COMPLAINANT'S RIGHT TO FILE A CIVIL ACTION (S0610)

You have the right to file a civil action in an appropriate United States District Court within ninety (90) calendar days from the date that you receive this decision. If you file a civil action, you must name as the defendant in the complaint the person who is the official Agency head or department head, identifying that person by his or her full name and official title. Failure to do so may result in the dismissal of your case in court. "Agency" or "department" means the national organization, and not the local office, facility or department in which you work. If you file a request to reconsider and also file a civil action, filing a civil action will terminate the administrative processing of your complaint.

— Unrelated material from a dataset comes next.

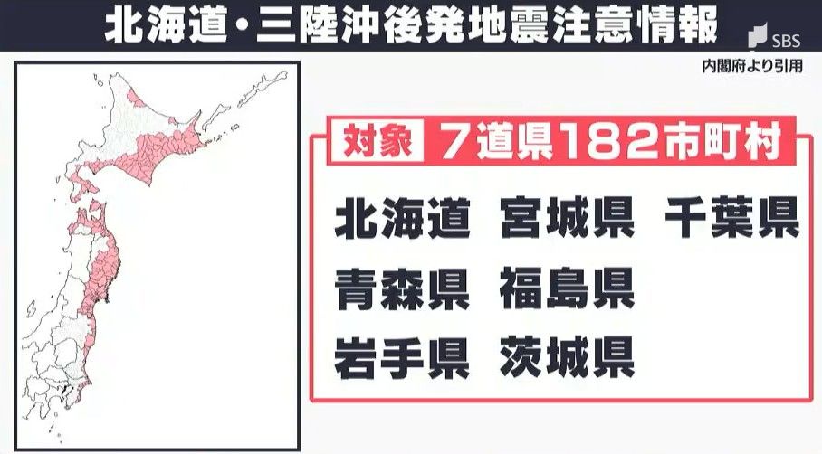 「後発地震への注意を促す情報を発信する基準を満たしましたことから気象庁は本日2時に北海道・三陸沖後発地震注意情報を発表いたしました」

RIGHT TO REQUEST COUNSEL (Z0815)

If you want to file a civil action but cannot pay the fees, costs, or security to do so, you may request permission from the court to proceed with the civil action without paying these fees or costs. Similarly, if you cannot afford an attorney to represent you in the civil action, you may request the court to appoint an attorney for you. You must submit the requests for waiver of court costs or appointment of an attorney directly to the court, not the Commission. The court has the sole discretion to grant or deny these types of requests. Such requests do not alter the time limits for filing a civil action (please read the paragraph titled Complainant's Right to File a Civil Action for the specific time limits).

FOR THE COMMISSION:

______________________________ Carlton M. Hadden's signature

Carlton M. Hadden, Director

Office of Federal Operations

May 10, 2018

__________________

Date

1 This case has been randomly assigned a pseudonym which will replace Complainant's name when the decision is published to non-parties and the Commission's website.